地域住民との信頼強化を強く掲げる小原会長の、原点とは一体どこにあるのでしょうか。小原会長は和賀郡和賀町の生まれで、父は町に一軒の開業医だったそうです。幼い頃は医師よりも考古学者になりたいと、近所で石器や矢尻を拾い集めていました。

 「親父は決して口にしなかったけど、周りから跡を継いで医者になれといつも言われていた」そうです。

 地元の小学校を卒業後、盛岡の中学高校から岩手医大に進学。争いごとが嫌いな性格で、周囲の声に従うような形で医師の道を歩みますが、ここで小原会長は泌尿器科へ進むという小さな反抗をしてみせました。泌尿器科を選んだのは「田舎へは戻らない」ということを意味したのです。

 「当時は小さな町で泌尿器科を開くなんてあり得なかった」そうで、岩手医大の泌尿器科で勤務医として働きました。その後、岩手県立中央病院や八戸赤十字病院を経て、まだ珍しかった透析治療が可能だった三愛病院の初代副院長に就任しました。

 やがて透析治療の空白地域だった花巻市で開業したのが、昭和50年。同市を始め遠野市や宮守村、石鳥谷町、東和町など、周辺のエリアにも対応出来るよう、送迎バスを走らせました。

 「透析の治療は体力的な負担が大きかったから、送迎が必要」患者のニーズに応えるような形で開業し、常に患者と向き合ってきた小原会長だからこそ、地域医療について思うところが大きいのかもしれません。

 「自分が子どもだった頃は父が往診に出かけ、帰りは夜中になることも。そうした背中を見てきたから責任感を植え付けられたと思います」と回顧します。患者の健康と命を守り、治療が終わった時に感謝の言葉をいただくと、「医者冥利に尽きる」のだそうです。

菜園にある岩手県医師会館

 特に高齢化が進む今後は「健康寿命の延伸」を目標に、医師として医師会として啓発活動にも力を注いでいくと語ります。
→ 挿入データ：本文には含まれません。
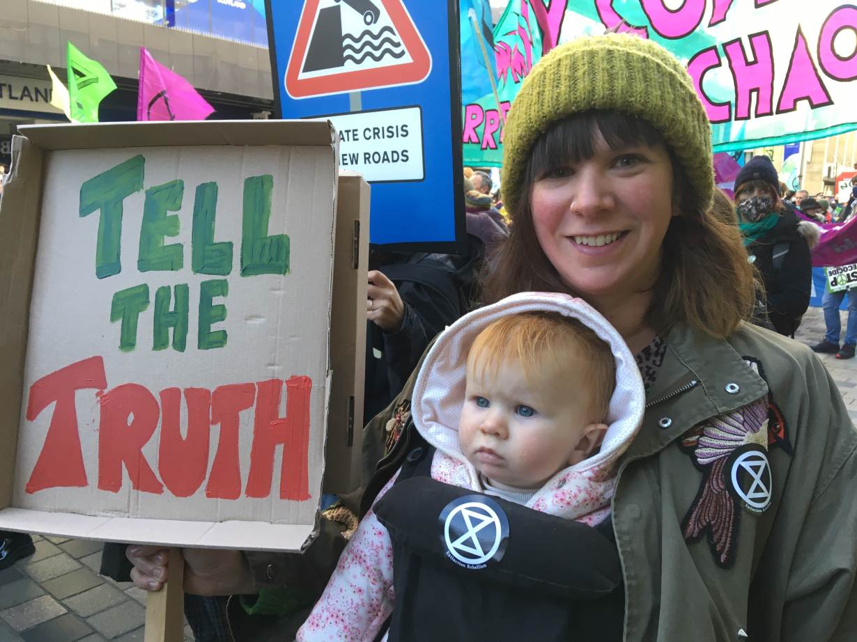 GLASGOW, Nov 3 (Thomson Reuters Foundation) - Schoolteacher Claire Birmey had never joined a climate change protest before - but on Wednesday she strapped her baby daughter Nora to her chest and marched with hundreds of chanting Extinction Rebellion activists through central Glasgow.
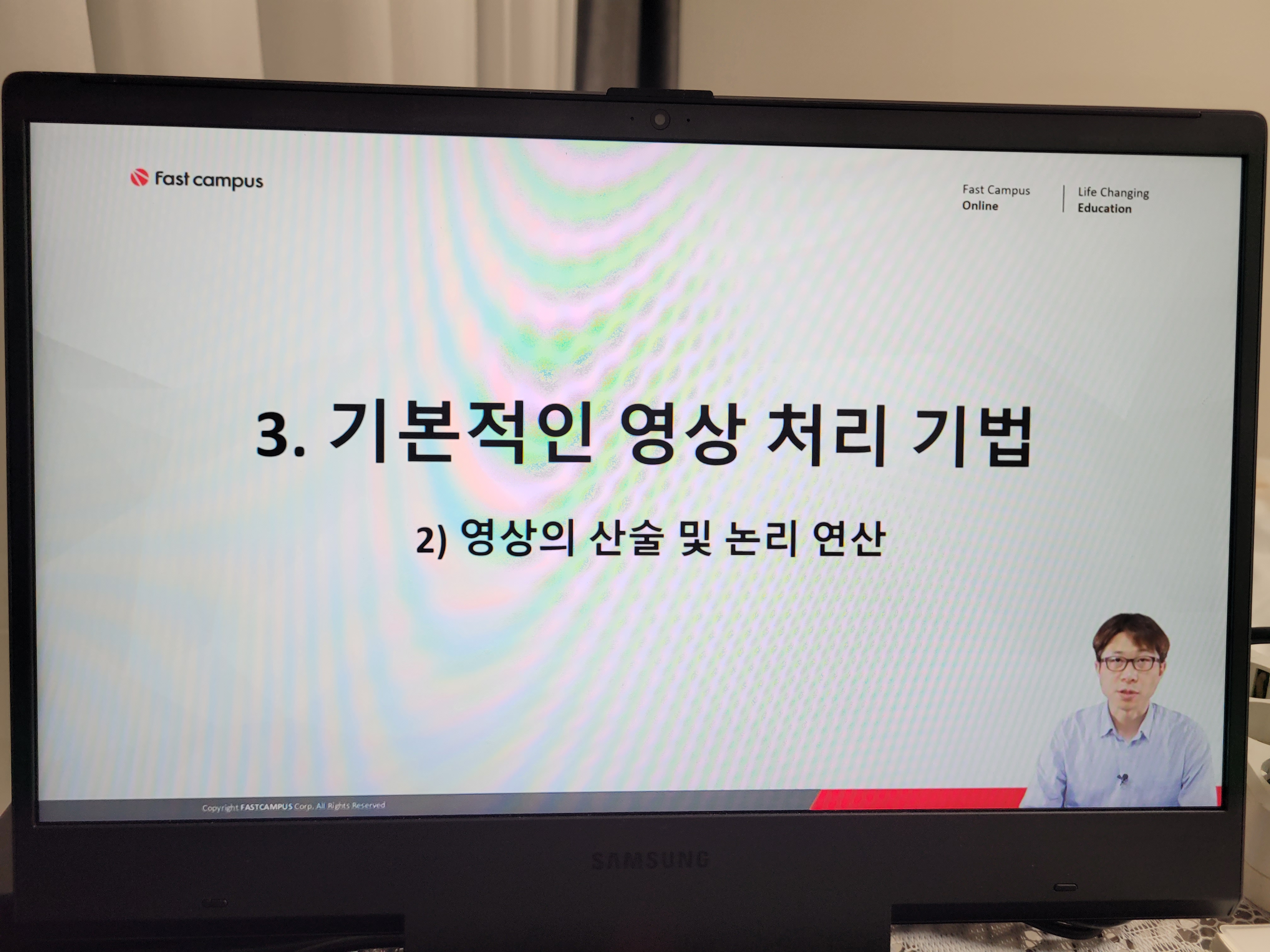 2022.05.16 금일은 블러링 ( 평균값 필터 ) 관한 강의였다. 평균값 필터란 ? - 영상의 특정 좌표값을 주변 픽셀 값들의 산술 평균으로 설정하는 것 - 픽셀들 간의 그레이스케일 값 변화가 줄어들어 날카로운 에지가 무뎌지고, 영상에 있는 잡음의 영향이 사라지는 효과가 있다. 위와 같이 자기 자신을 포함해 주변부의 픽셀의 개수를 나누어 필터링 해주는 것. 실제로 왼쪽 원본 영상보다 오른쪽 3x3 , 5x5크기의 마스크로 평균값 필터를 적용한 영상들이 더욱 부드러워지는 것을 볼 수 있다. 이렇게 필터 결과는 부드러워질 수 있지만 더 많은 연산량이 필요하기 때문에 시간이 더 소요될 수 있다. kernel 의 변수에 np.array ( [[1/9, 1/9, 1/9], [1/9, 1/9, 1/9], [1/..

健康診断の受診推奨や生活習慣病のリスク軽減を目指して、元気な年配者を増やしていこうと取り組んでいます。

「今では早期発見ができればがんも治る病気。
年に一回の健康診断を必ず受けて欲しいと思います」。

 人生100年時代を見据えて、岩手県医師会は理想的な地域医療の実現に目を向けているのでした。


—–・・・・・———-プロフィール———-・・・・・—–

 一般社団法人 岩手県医師会会長  
小原 紀彰
さん

 1943年岩手県北上市和賀町生まれ。
岩手医大を卒業後、勤務医を経て1975年、花巻市で泌尿器科を開業。
 花巻市医師会副会長、岩手県医師会常任理事・副会長などを歴任し、
2018年に岩手県医師会会長に就任。
 争いごとが苦手な反面、学生時代は氷上の格闘技アイスホッケー部に所属。